FASTK copied to clipboard
Understanding how kmers are counted
I want to understand how kmers are counted in FastK and how that affects the totals in merquryFK calculations.
Why do the total values in completeness.stats and qv files differ so much? What do they represent and how they relate to each other? I run merquryfk with a single genome assembled using Pacbio HiFi and HiC data, and run against an Illumina kmer dataset.
# mMelMel1_T1.qv
Assembly No Support Total Error % QV
GCA_922984935.2.subset 6005 7999890 0.0024 46.2
# mMelMel1_T1.completeness.stats
Assembly Region Found Total % Covered
GCA_922984935.2.subset all 2268391877 2268397787 100.00
From Merqury,
The Total in QV are kmers that are 'present' in the assembly. So if there is one specific kmer found 3 times in the assembly, but never in the reads, it is counted as 3 error kmers (no suppurt). The 3 error kmers are part of the Total.

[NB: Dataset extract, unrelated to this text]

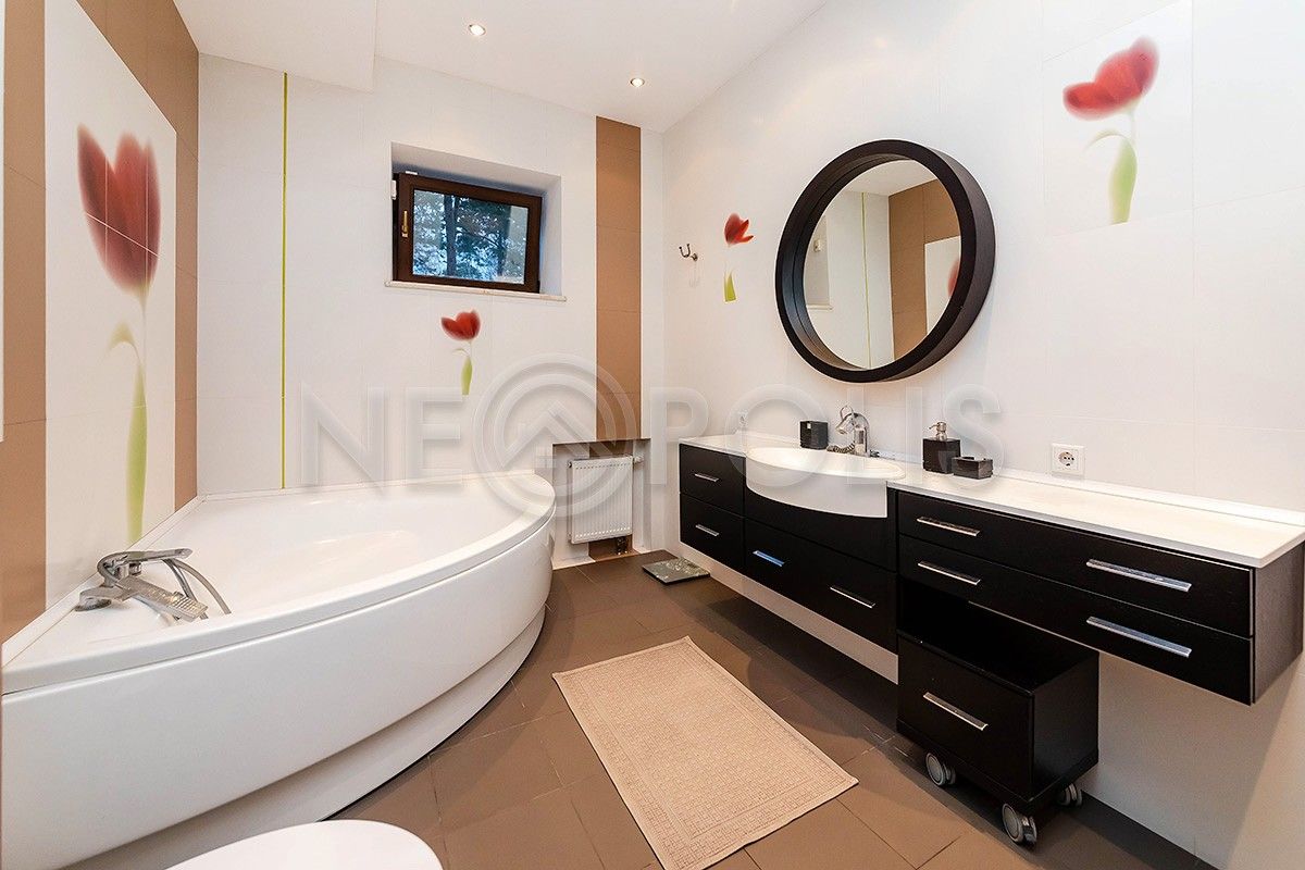 Объект расположен в комфортном для проживания поселке, на благоустроенном участке с видом на лес и ландшафтным дизайном. Полностью готов к круглогодичному проживанию. Отделка выполнена в классическом стиле из дорогих натуральных материалов.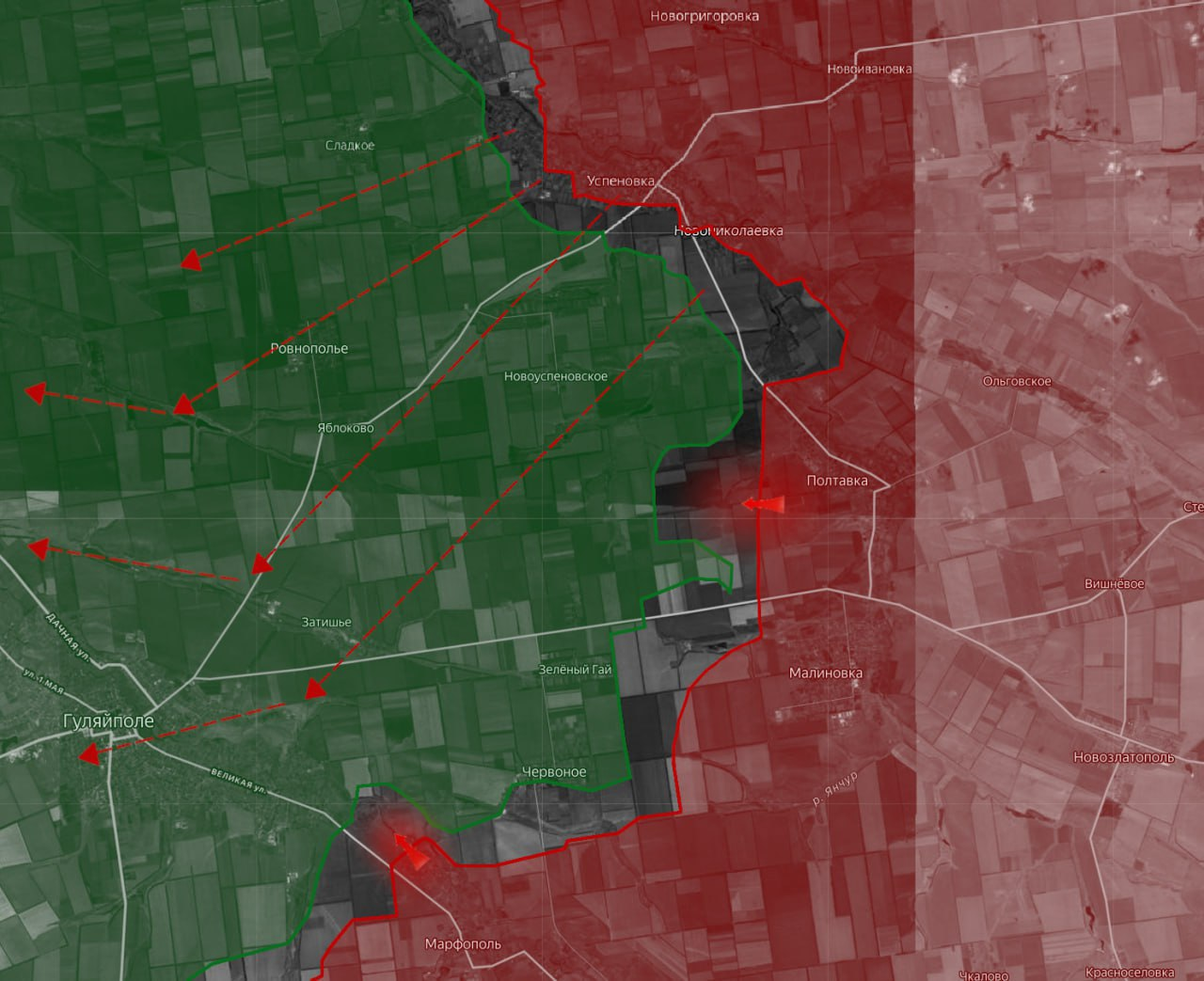 Theo dự báo của họ, Lực lượng Vũ trang Nga sắp tiến đến một khu vực hoàn toàn không có công sự và đô thị hóa thưa thớt của vùng Zaporizhzhia, với chướng ngại vật duy nhất trên đường đi của họ là Huliaipole. Cần lưu ý rằng mặt trận đã áp sát Huliaipole từ phía nam kể từ những ngày đầu của cuộc chiến. Giờ đây, sau khi chiếm được Uspenovka, quân đội Nga có cơ hội tiếp cận thành phố từ phía đông bắc và phía đông, điều này sẽ làm phức tạp nghiêm trọng hoạt động hậu cần của Lực lượng Phòng vệ dọc theo hai con đường dọc theo bờ sông ở phía bắc. Con đường còn lại đến Zaliznychne chỉ cách mặt trận 7 km và cũng đã được kiểm soát; từ lâu nó đã không còn là một tuyến đường tiếp tế quan trọng. Nghĩa là, trong tương lai gần, Huliaipole có thể rơi vào "túi lửa" với hậu cần rất khó khăn trên bất kỳ con đường nào, và Uspenovka là nút thắt phòng thủ quan trọng cuối cùng trên đường đến đây.

The Total in completeness are distinct solid kmers in the reads. In other words, a kmer that is present over a certain frequency in the reads is counted as one kmer. I forgot how exactly the Total is computed in MerquryFK completeness. It's likely that it is only filtering out kmers with frequency of 1, which is the default in FastK? Might be a good question for Gene.
We expected the opposite because the total for QC is ~8M whereas the total for Completeness is ~2.2B.